Настала пора отправляться в зал. Мне не хотелось подниматься в лифте с десятком других мужчин в смокингах, и я двинулся пешком по лестнице.

Я думал только о Пандоре — пришла ли она, или мне придется ее долго ждать, или она не придет вообще.

Она была там, в сине-зеленом платье, мерцавшем при каждом движении.

— Гари! — воскликнула она и, подбежав, обняла меня. — Как я рада тебя видеть. В моем списке гостей ты был на первом месте.

Я несколько опешил.

— Так вы с Брэдшоу вместе устраиваете этот прием?

— Нет, что ты, — небрежно сказала она. — Просто Джон попросил меня кое в чем помочь.

Но я вспомнил, как он благодарил меня за помощь Пандоре, когда мы встретились с ним в турагентстве, как менялось его лицо, стоило лишь упомянуть ее имя, и все во мне напряглось.

Я стал пристально наблюдать за ними. С некоторым облегчением я увидел, что Пандора вела себя как обычная гостья: не позировала фотографам вместе с Брэдшоу, не стояла рядом с ним. Другое дело — сам Брэдшоу. Я прекрасно видел, что, чем бы он ни занимался, с кем бы он ни говорил, взгляд его все время обращался к ней.

В этом взгляде были и благодарность, и счастье, и в то же время сквозил какой-то страх перед этой редкостной сине-зеленой стрекозой, невесть как усевшейся ему на плечо.

Он следил за всеми, с кем она разговаривала. Как только беседа кончалась и Пандора отходила в сторону, Брэдшоу тут же оказывался рядом с этим гостем и заводил с ним разговор, как будто это каким-то образом могло приблизить его к ней.

Все это казалось довольно жалким зрелищем, но оторваться от него было невозможно. И зачем только я сюда пришел?
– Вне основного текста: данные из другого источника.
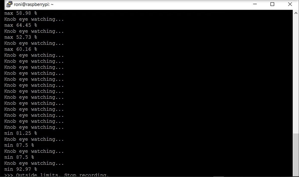 The Behringer’s main mix knob will be used. If this knob is too low or too high, a recording is considered wasted, so it should be aborted. To start the training, a good number of pictures with variations of the knob in both low and high positions is required. For other Machine Learning projects related to analog readings, one image is obtained and then digitally manipulated to add, for example, a needle in different positions. I have decided to use a different approach: a script for image acquisition with pauses to move the knob. Why? It is an effort to digitally manipulate an image, and if you are using knobs instead of gauges, the knob height could produce different shadows making the digital manipulation more complicated. You can download a sample data acquisition script, and the recording script from: https://github.com/ronibandini/MLAnalogKnobReading Place the camera in the 3d printed arm, around 10cm over the knob, with good lighting. Place the knob in the “Minimum” (low) position. Then on the Raspberry Pi, run:

Я уговаривал себя, что, если уж оказался здесь, надо попробовать завязать какие-нибудь деловые знакомства. Но душа ни к чему такому не лежала. Я ведь пришел не ради бизнеса, а ради Пандоры, но приблизиться к ней духу не хватило. Я решил выпить бокал шампанского и после этого сразу уйти.

Перед баром стояла женщина. На вид ей было все пятьдесят. В ярком золотистом платье, сильно накрашена.

Она хлопнула меня по руке.

— Ты из ребят Джонни?

Я сказал ей, что работаю с компьютерами мистера Брэдшоу. В свою очередь спросил ее, не актриса ли она. Этот вопрос ее возмутил. Она начала перечислять фильмы, в которых снималась. Я все говорил, как жаль, что не видел их.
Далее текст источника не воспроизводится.